As the World Wide Web continues exploding across the technology scene, it may seem impossible to keep track of myriad new protocols, standards, and applications. The World Wide Web Consortium is chartered to help members understand the forces behind these developments and to lead the way to further innovation -- and theWorld Wide Web Journalis your direct connection to its work. Every quarter, the W3J provides timely, in-depth coverage of W3C's activities as well as independently referreed papers from around the world.
Issue 3 is a reflection on "The Web After Five Years": how millions of users later, today's Web is still trying to capture the small-scale, collaborative vision of its earliest incarnations while also posing unprecedented challenges as a commercial, mass medium. In an interview with Tim Berners-Lee, the inventor of the Web and Director of the W3C, we learn that the Web was built to be an interactive, intercreative, two-way medium from the beginning. At the opposite scale, as a mass medium, are urgent questions about the Web's size, character, and users. These issues are addressed in selections from the MIT/W3C Workshop on Web Demographics and Internet Survey Methodology, along with commerce-related papers selected from the Fifth International World Wide Web Conference, which took place from May 6-10 in Paris.
Other contributions include technical proposals from the W3C, lively debates on the size of the Web, the impact of advertising on caching, and ethical guidelines for using such data.

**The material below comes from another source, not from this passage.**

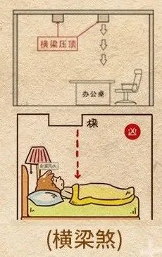 顾名思义,横梁压顶就是指一般承重力比较大的地方用钢筋混凝土进行加固、加粗而会突出来的部分。如果一个人长期坐或卧在横梁下,就会在工作上产生压力,运气受阻,这是一种破财损身的风水格局,谓之“横梁压顶”。然而,现在不少房屋中,屋顶有许多横梁。有些是由于建筑设计方面的原因,但也有一些是由于房东在装修时处理不当造成的。家中最容易出现横梁压顶的地方是:

This issue also marks a reinauguration of the W3 Journal itself, with a new editor and an expanded structure. The first part contains a log of the wide-ranging activities of the Consortium, profiles of the researchers and developers behind the scenes, and interviews with experts in the field. The second section is called "W3C Reports," and includes the latest technical reports, standards, and papers from the W3 Consortium, including its Workshops and Working Groups. Finally, a reknowned editorial board will referee contributions to the third section, "Technical Papers," an independent academic forum for the latest in web-related research.